CodonCode Aligner works best if your data have base-specific quality scores, like those assigned by the base calling program PHRED. PHRED was developed and copyrighted by Phil Green and co-workers at the University of Washington, and is often viewed as the "Gold Standard" for base calling. Aligner allows you to run PHRED on Aligner projects in a single step.

You should do this step if you have sequence traces without quality scores. If your sequences already have quality scores (for example because they were processed by the "KB" base caller from ABI, you can skip this step and go on to end clipping.

Tip: If you are not sure if your sequences have quality scores, look at the "Quality" column in the project view for your samples . For samples that you not have quality scores, the number in the "Quality" column is 0 for all samples. If the numbers are not 0, the samples have quality scores (make sure that you see the actual samples, not just the folder they are in - the quality scores for folders are always 0).


To do the "Base Calling" step in Aligner, you will need a trial license or a purchased full license. If you are using Aligner in demo mode, and your sequences do not have quality scores or you want to try the base calling, please request a trial license before proceeding.

How to base call

Typically, base calling takes only one or a few seconds per sample. When the base calling step is complete, the progress dialog disappears, and the project window changes - you now see 7 samples in the "Unassembled Samples" folder, and 7 samples in the "Trash" folder. Click on the triangle before the trash to expand it, which shows you this view:

Note the status area at the bottom with the text "Finished calling bases". To view recent progress and warning messages from Aligner, you can click on it, which opens the following window:

The newest messages are at the top. You can see where the samples in the trash came from - they are the original samples that have been renamed and moved to the trash. Click the "Close" button to dismiss this dialog.

Emptying the Trash

We won't be using the samples in the trash anymore, so let us get rid of them.
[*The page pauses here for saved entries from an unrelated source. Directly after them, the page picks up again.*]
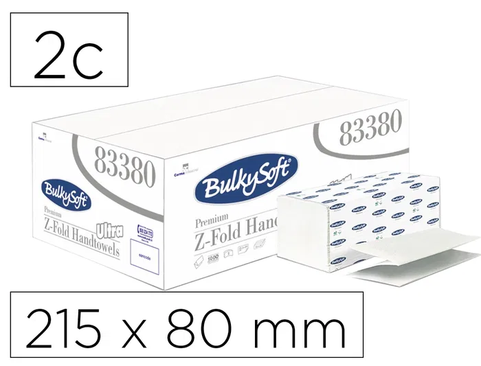 Ofyhostel Toalla Engarzada Bulkysoft Premium Fold Gofrada 2 Capas Plegado Z 215 x 80 mm Papel Secamanos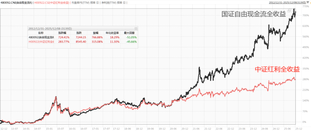 因此现金流指数和红利类指数的走势也比较像,特别是近几年,这两个指数依旧在屡创新高,在它们身上都看不出A股经历过一轮熊市。(2012-12-31至2025-12-8,数据来源:Wind)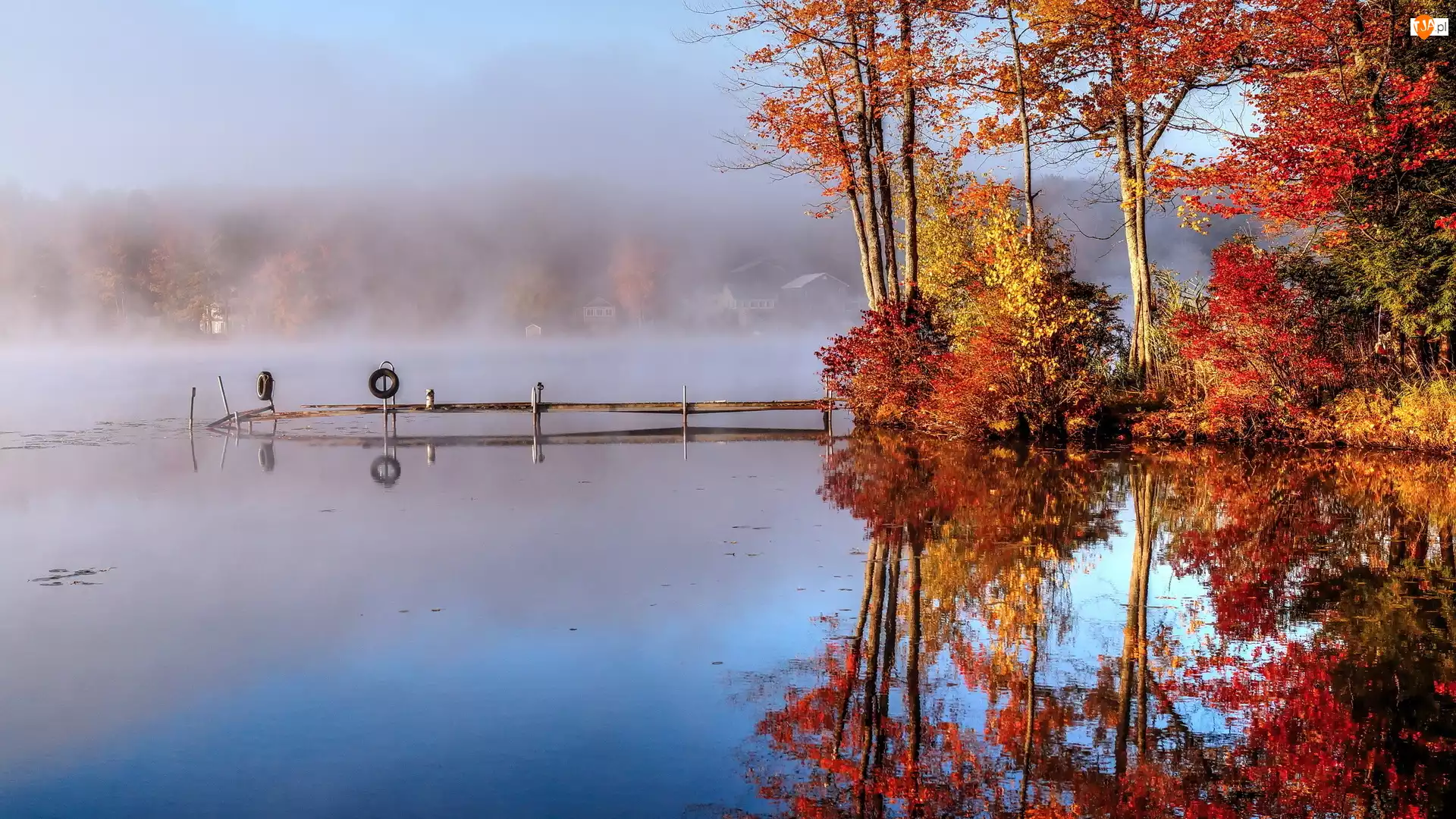 Drzewa, Jesień, Pomost, Jezioro, Mgła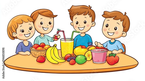children, children, happy, smiling, friends, fruit, juice, smoothie, healthy, eating, food, drink, table, together, fun, meal, breakfast, snack, lifestyle, childhood, nourishment, delicious, sweet, fresh, colourful, vibrant, playful, adorable, cute, young, group, family, picnic, party, summer, spring, joy, togetherness, well-being, nourishment, vitamin

Go to the "File" menu, and select "Empty Trash...". Read the warning dialog that appears (you always read warning dialogs carefully, right?), and then click "Yes". Next, you need to save the project.

Save often!

So far, none of the changes have actually been saved - if you would close the project without saving it, you would loose all the changes. It's a good idea to save your project often, especially before and after doing anything major.

If you have received and installed a license key for a time-limited trial or for a full version, save your project as described below. If you are using the demo version, you cannot save, so go on to the "End Clipping" section.
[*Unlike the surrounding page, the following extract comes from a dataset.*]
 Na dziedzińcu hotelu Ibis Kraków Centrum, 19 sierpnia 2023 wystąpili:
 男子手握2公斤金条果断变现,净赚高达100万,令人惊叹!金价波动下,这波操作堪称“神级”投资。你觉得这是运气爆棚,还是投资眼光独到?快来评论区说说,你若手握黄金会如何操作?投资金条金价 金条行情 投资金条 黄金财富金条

To save your project, you can use the "Save Project" button in the project view, or go to the "File" menu and select "Save Project", or use the keyboard shortcut (Control-S on Windows, Command-S on OS X). Each of these will save the project, and the status area will then show "Saving project complete". If you opened a project, but did not make any changes to it, the "Save Project" button and menu items will be dimmed and inactive until you actually make a change that needs to be saved.

To save a copy of your project under a new name, go to the "File" menu and select "Save Project As...". That's a good idea if you make any changes to your project, but think that you might want to go back to an older saved version later.

End Clipping

Why Clip Ends?

Sequence traces often have short low-quality sequence at the beginning , and longer low-quality sequence stretches at the end. There are a number of possible good reasons to remove these low-quality parts - for example to get better and cleaner assemblies, or to get better results in database comparisons with BLAST or similar programs.

CodonCode Aligner can use quality scores to automatically find and remove these low-quality sequences. After end clipping, Aligner can also identify sequences that are very short, for example due to failed sequencing reactions, and automatically move them to the trash. You do not have to use the end clipping step in Aligner, but you may get better assemblies if you do.

How to Clip Ends

Clipping ends requires that your sequences have base-specific quality scores. If you did the previous step (base calling), PHRED will have assigned quality scores to all bases.

In this example, Aligner would clip on average almost 200 bases per read, most from the end of reads (the reads in this example are short reads from ABI 373 sequencers). You can click on the "Change Parameters" button to change your criteria for end clipping. After changing your settings, the same clipping preview dialog will appear again with the updated numbers.

To apply the clipping to your samples, press the "Clip" button. Now, save your project again (unless you are using the demo version).

Vector Trimming

Why Trim Vector?

Sequences often have short stretches of cloning vector sequence at the beginning. If the cloned insert is short, the sequence read may also extent through it, and have vector sequence at the end of the read. Finally, some clones may not have any inserts, and contain only vector sequence.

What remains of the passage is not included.